November 8, 2024
Article

Texas Winter Grid Strain Spared by High-Efficiency Heat Pumps

Researchers modeled the impact of 100% electrified heating on Texas’s grid

Photograph shows a parking lot bordered by street lamps, during a snow storm.

(Photo by Artem Balashevsky | Pexels)

Every summer, grid operators brace themselves for an increase in energy demand as people turn their air conditioners on. This makes summer a “peaking season” in many parts of the United States. Grid operators can generally predict and prepare for peaking energy demands and make sure enough is available from fossil fuels, nuclear power, and renewable sources. 

Once unique to summer, now utilities have begun to note that energy demand sometimes reaches all-time highs in particularly cold winters, like Texas’s 2021 winter storm. 

As more people switch from fossil-fuel heating to electric, grid researchers and utilities are now faced with a question: can the power grid support peak demands in winter?

In a new paper, researchers from the Department of Energy’s Pacific Northwest National Laboratory (PNNL) and North Carolina State University (NCSU) teamed up to explore this question by modeling how a wide adoption of electric heat pumps would affect the power grid. In their modeling, they also incorporated the potential future effects of climate change. As a case study, the team used Texas’s independent power grid, the Electric Reliability Council of Texas (ERCOT). 

The researchers found that should residential buildings in Texas go all electric for heating, high- and ultra-high-efficiency heat pumps would ease electricity demand pressure on the grid in both extreme winter and summer temperatures, compared to scenarios where low-efficiency alternatives were broadly adopted. Heat pumps are vastly more energy efficient than other heating systems, including others that run on electricity. In the long run, switching to more efficient electric heating and cooling could lower energy bills for consumers along with lowering carbon emissions.

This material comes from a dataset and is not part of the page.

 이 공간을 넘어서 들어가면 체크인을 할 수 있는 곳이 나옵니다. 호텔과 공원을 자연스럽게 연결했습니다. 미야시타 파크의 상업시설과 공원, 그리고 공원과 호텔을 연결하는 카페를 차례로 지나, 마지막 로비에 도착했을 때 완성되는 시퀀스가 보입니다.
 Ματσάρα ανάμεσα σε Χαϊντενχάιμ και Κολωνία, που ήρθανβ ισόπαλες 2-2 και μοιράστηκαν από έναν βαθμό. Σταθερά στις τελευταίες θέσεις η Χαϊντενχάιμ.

The results suggest that predicting future peak demand needs to account for a changing climate as well as changing technologies and related policies, said Henry Ssembatya, a PhD student at NCSU. With the electrification of heating, it’s important to understand what heating systems can support a reliable power grid. 

“So far, no one has thoroughly looked at the combined effects on today’s grid of climate change and the power demand from heat pumps in the winter,” said Casey Burleyson, an Earth scientist at PNNL and coauthor on the paper, which was published in Earth’s Future in June. “Our goal with this research is to help inform grid planners as they think about the future.” 

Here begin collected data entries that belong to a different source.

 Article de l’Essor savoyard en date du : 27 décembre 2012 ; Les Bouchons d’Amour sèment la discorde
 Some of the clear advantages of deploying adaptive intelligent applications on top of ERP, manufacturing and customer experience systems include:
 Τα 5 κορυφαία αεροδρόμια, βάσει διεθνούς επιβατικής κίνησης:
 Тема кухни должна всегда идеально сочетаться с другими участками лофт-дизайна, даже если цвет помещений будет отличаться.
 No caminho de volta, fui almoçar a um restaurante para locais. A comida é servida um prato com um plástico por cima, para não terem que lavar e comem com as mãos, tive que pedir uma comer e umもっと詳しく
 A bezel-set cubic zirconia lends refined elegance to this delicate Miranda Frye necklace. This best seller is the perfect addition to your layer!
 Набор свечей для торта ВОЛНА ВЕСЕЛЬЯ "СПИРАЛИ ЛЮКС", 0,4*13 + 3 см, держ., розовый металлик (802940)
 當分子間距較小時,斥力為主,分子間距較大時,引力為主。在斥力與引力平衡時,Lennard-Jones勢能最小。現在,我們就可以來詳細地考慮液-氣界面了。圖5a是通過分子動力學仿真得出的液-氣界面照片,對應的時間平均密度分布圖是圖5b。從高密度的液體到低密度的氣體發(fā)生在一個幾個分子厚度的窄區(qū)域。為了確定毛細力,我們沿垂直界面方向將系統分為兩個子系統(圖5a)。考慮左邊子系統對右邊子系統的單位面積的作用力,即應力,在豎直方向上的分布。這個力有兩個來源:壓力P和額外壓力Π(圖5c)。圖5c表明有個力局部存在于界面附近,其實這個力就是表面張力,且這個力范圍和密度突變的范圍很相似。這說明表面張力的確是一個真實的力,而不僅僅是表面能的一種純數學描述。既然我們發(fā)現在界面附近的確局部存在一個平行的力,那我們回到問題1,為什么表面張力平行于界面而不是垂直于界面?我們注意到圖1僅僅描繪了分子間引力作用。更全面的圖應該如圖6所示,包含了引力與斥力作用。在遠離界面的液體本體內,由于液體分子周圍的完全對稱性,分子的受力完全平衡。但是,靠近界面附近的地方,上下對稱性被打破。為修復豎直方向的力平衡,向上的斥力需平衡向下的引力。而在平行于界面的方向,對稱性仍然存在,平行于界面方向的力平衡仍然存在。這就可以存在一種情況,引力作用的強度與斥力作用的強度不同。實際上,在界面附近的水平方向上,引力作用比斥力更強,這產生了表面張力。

Modeling energy demand in Texas

Currently, around 60% of Texas households use electric heating such as electric furnaces or baseboard heaters. But what if the remaining 40% of households (those that currently use non-electric heating) switched to using an electric heat pump? Ssembatya and his colleagues modeled the energy demand of three different electrification scenarios: one with 100% electrification via adoption of standard heat pumps, one with adoption of high-efficiency heat pumps, and one with adoption of ultra-high-efficiency heat pumps. They also included a base case that represents today’s level of electrified heating.

The researchers found that wide adoption of standard-efficiency heat pumps would reduce load in the summer due to their higher efficiency compared to other types of air conditioning, but they might strain ERCOT’s systems in the case of a rare but extreme winter storm. High- and ultra-high-efficiency heat pumps, however, ease that strain and significantly lower the risk of winter outages, Ssembatya said. 

Better cold-weather heat pumps on the way

DOE is currently working with industry partners to improve cold-weather heat pumps, which have historically been less effective at extremely low temperatures. Last month, DOE announced that the eight manufacturers in its Residential Cold Climate Heat Pump Challenge successfully produced heat pumps that operate efficiently at temperatures as low as 5 degrees Fahrenheit (–15 degrees Celsius). The agency is now working with industry partners to improve the energy efficiency and performance of rooftop heat pumps for commercial buildings.

In the summer, heat pumps’ energy efficiency would still decrease the overall load on the grid, Ssembatya said. And with climate models showing a general rise in temperature over the coming century, heat pumps will be necessary to both decrease carbon emissions and increase cooling efficiency.

"By 2060, temperatures might be so high that cold snaps might become a lesser issue, though there is more uncertainty about occurrence of cold snaps in the future. Overall, we see that more efficient heat pumps mitigate the worst effects of both severe heat waves and cold snaps on the grid," Ssembatya said.